La verdad es que siempre he bebido de la música impresionista… Desde la primera vez que oí una canción, de niño: Sonaba en una pianola la “España” de Chabrier. ¡Qué paradoja que la primera canción que escuchara, además “española”, hubiese sido compuesta por un francés! La música impresionista ha representado para mí el poder poner una melodía a una fuente que deja brotar su agua. Imaginarme, por ejemplo, cómo puede traducirse el olor de una tarde veraniega en el callejón de un pueblo… Pero, sobre todo, me ha permitido obtener respuestas de mí mismo, respuestas formuladas desde mi interior, para mí tan enigmático.
¡Y qué sencillo resulta poder transportarse fuera de esta habitación, sin mover un solo dedo! Bueno, sí… los dedos de mis manos sobre el teclado sí se mueven, pero nada más.
He aprendido a valorar el lento paso del tiempo. Me deleito deteniéndome una y mil veces, aminorando mi marcha vital. El pensamiento se detiene, algo dentro de mí fluye y, entonces, lo saco fuera y lo vuelco en el papel pautado. Un recuerdo furtivo, palabras que nunca dije y colores extraídos de una paleta que se fuerza por ser monocromática, aunque no por ello menos rica.

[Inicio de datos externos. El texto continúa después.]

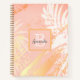 An elegant, modern tropical summer abstract pattern. Rustic coral, rose gold pink background, and white palm tree leaves. Decorated with faux gold brush strokes. Add your name and monogram letter. A college ruled notebook for girls and women.
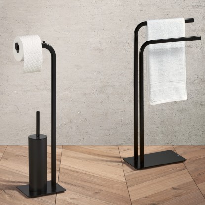 baliv Stojan na uteráky ST-6885, 2 ramenný, matná čierna, 48,5 x 20 x 80 cm
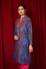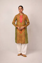 A straight-fit, paneled printed kurta in a jigsaw-style print, featuring a band neckline with a V-slit and cuffed sleeves
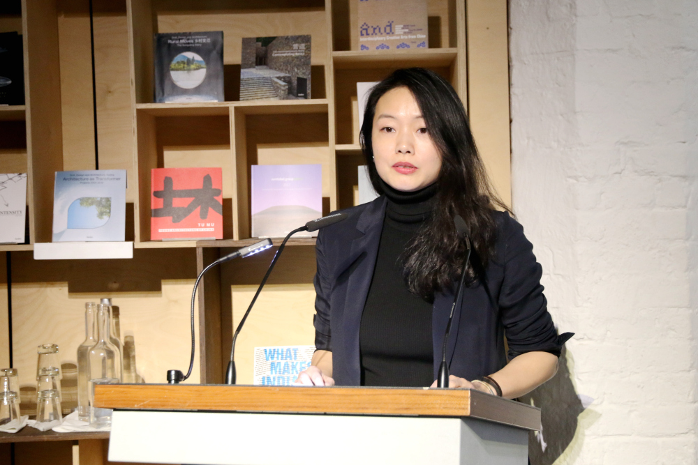 Xu Tiantian, the architect of the brown sugar factory in Songyang, speaks at a professional forum.
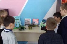 Выставка "На страже Отечества". Она проходит в рамках месячника гражданско-патриотического воспитания.
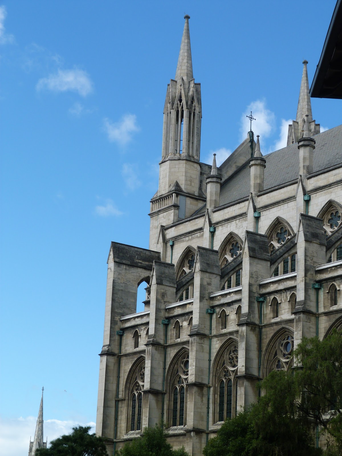 Above is a side-view of the Cathedral and my favorite window I found in a small nave inside – honoring the areas seals, penguins, and albatross!
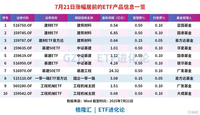 从规模来看,跟踪建筑材料指数的ETF中,规模最大的是国泰基金建材ETF,最新规模为6.85亿元,建材ETF易方达则是费率最低的ETF,管理费率+托管费率仅为0.2%/年,处于市场成本最低一档。
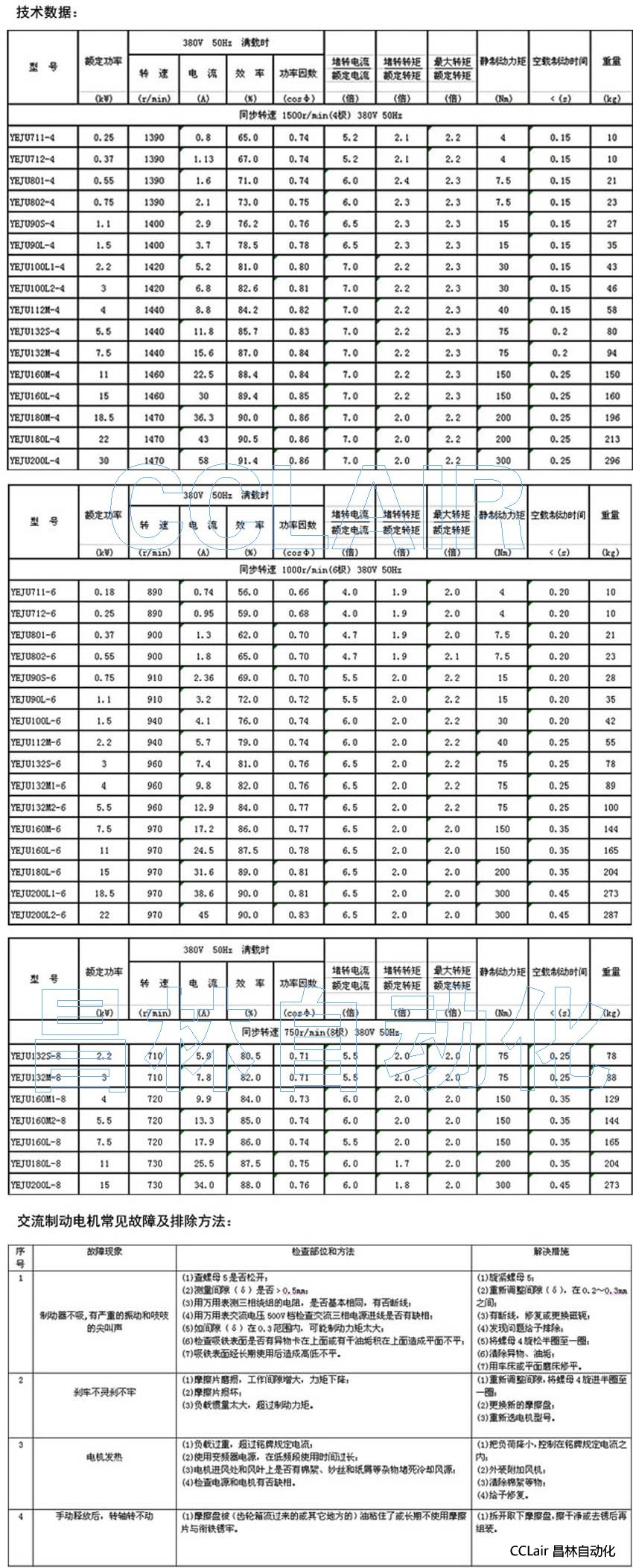 2、額定電壓380V 50Hz(交流制動(dòng)器與電動(dòng)機(jī)相同);
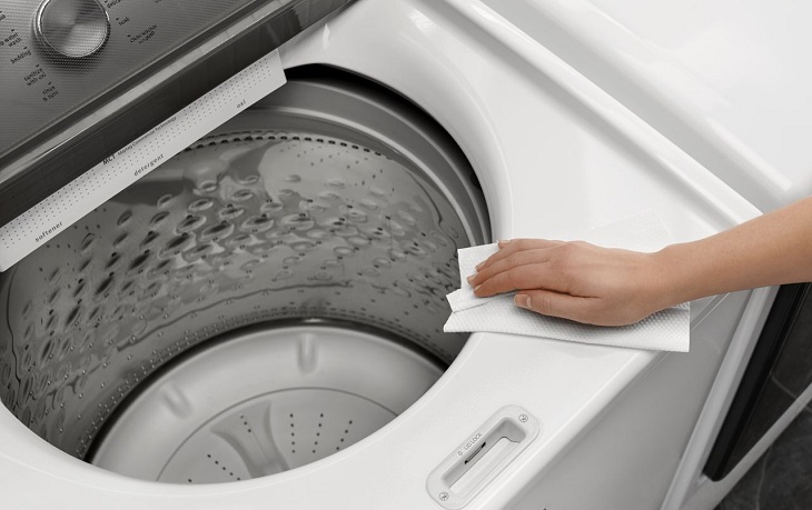 Đối với máy giặt cửa trước, bạn hãy dùng khăn giấy để lau chùi miếng cao su viền quanh khung cửa. Trước tiên là lau bên ngoài, rồi lật lên lau ở bên trong. Đối với máy giặt cửa trên, bạn hãy sử dụng miếng xốp bọt biển (miếng rửa chén) để cọ sạch những cặn bẩn còn sót lại trong khoang chứa xà phòng cùng với ngăn chứa nước giặt, sau đó lau sạch bề mặt máy bằng vải hoặc khăn giấy.

Ahora que ya ha caído el día, ahora que cada vez se ven menos luces en los ventanales de las casas, repaso lo que ha supuesto la jornada de hoy, como hago todos los días. Miro el piano y me pregunto: “¿Qué puedo tocar ahora?” ¡Ah, si, la “Canción y danza Nº 1”! Vamos allá. Olvidémonos de lo que somos, mezclemos nuestra esencia con la de esta melodía popular… bailando como ese niño que fui… Recordando que es gracias a esta música por lo que sigo vivo, que es ella la que me alimenta día tras día. Sin ella, mi nombre no existiría. Sin ella, no podría creer en lo que me rodea.